A mob of New York Knicks supporters. Chanting. Fighting. Setting fires. They took over San Antonio last night. British police watched from a distance, notebook in hand. This is not a drill. This is a case study.
The Knicks won the NBA title. First time in decades. Their fans went berserk. A quarter of a million people flooded the streets. Car flips. Shots fired. The San Antonio Police Department lost control for hours.
For the Met and the Lobby, this is a lesson. A lesson in what happens when a city underestimates a crowd. When a title win turns into a riot. When the booze and the passion boil over.
I have spoken to a senior Whitehall source. They are watching closely. “Those guys had no plan,” the source said. “They let it escalate. We can’t afford that here. Not with the football season coming. Not with the Ashes. Not with anything.”
The source was blunt. SAPD was slow to deploy. They didn’t have enough barriers. They didn’t have a proper containment strategy. The result? Chaos. A police car torched. A woman arrested for throwing a bottle at a horse.

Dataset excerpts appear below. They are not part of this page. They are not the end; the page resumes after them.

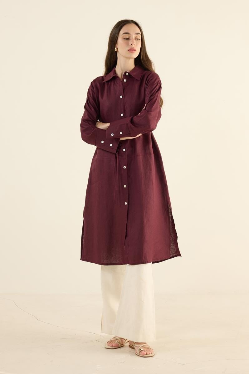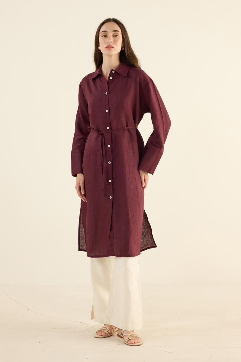 تونيك من الكتان المقطع 100% باللون البورجوندي الداكن
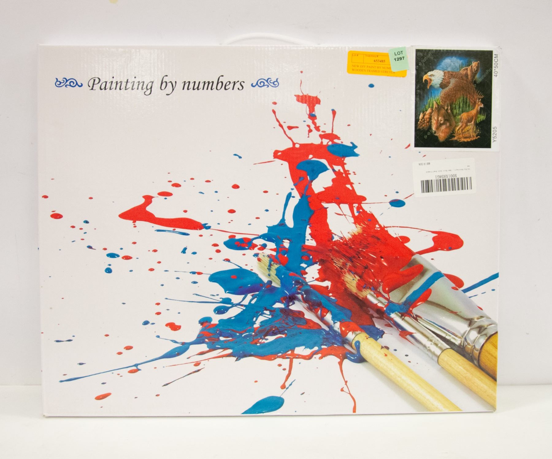 CANVAS, WILDLIFE SCENE WITH EAGLE/BEAR/WOLF/DEER , PAINT BRUSHES AND ACRYLIC PAINT INCLUDED, 20 X 16", ALL PARTS AND PIECES SEALED, ORIGINAL BOX, AMZ SES**ALL ITEMS MUST BE REMOVED BY 5PM SATURDAY, OCTOBER 1ST, 2022. ALL REMAINING ITEMS WILL BE SUBJECT TO A $6.00 PER DAY STORAGE CHARGE. ANY ITEMS REMAINING AFTER MONDAY, OCTOBER 15, 2022 WILL BE CONSIDERED FORFEITED. NO REFUNDS WILL BE ISSUED FOR FORFEITED ITEMS. TO SCHEDULE A PICK UP APPOINTMENT CLICK HERE
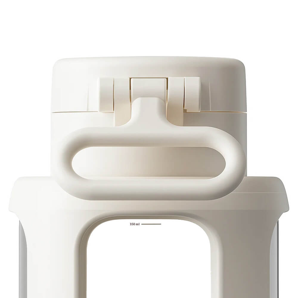1.Chwyć pokrywę urządzenia i delikatnie odkręć, aby uzyskać dostęp do zbiornika. Wlej do zbiornika odpowiednią ilość płynu – może to być woda do przygotowania mleka modyfikowanego lub mleko do bezpośredniego podania.

But here is the inside baseball. The real story is about the mood in the UK. The Government is jittery. Polling shows public confidence in policing is at a low. A major sporting riot would be a disaster. A Prime Minister’s headache.
So the Home Office has dispatched observers. They are embedded with the San Antonio force. Taking notes. Learning from the mistakes. Expect a new crowd control doctrine. Expect more fencing, more surveillance, more quick-response units.
Conservatives are nervous. Labour is watching. The backbenchers are restless. They want to know what happened and what it means for UK streets. The truth is, it could happen here. A Champions League final. A World Cup run. A sudden title win. And if it does, the Met will be judged harshly.
One more thing. The Knicks fans themselves. They don’t care about the politics. They are living their greatest day. One fan told me: “This is the best thing that ever happened to me. I don’t care what they do. We won.”
That is the danger. The passion. The raw emotion. San Antonio learned the hard way. Whitehall took notes. Watch this space.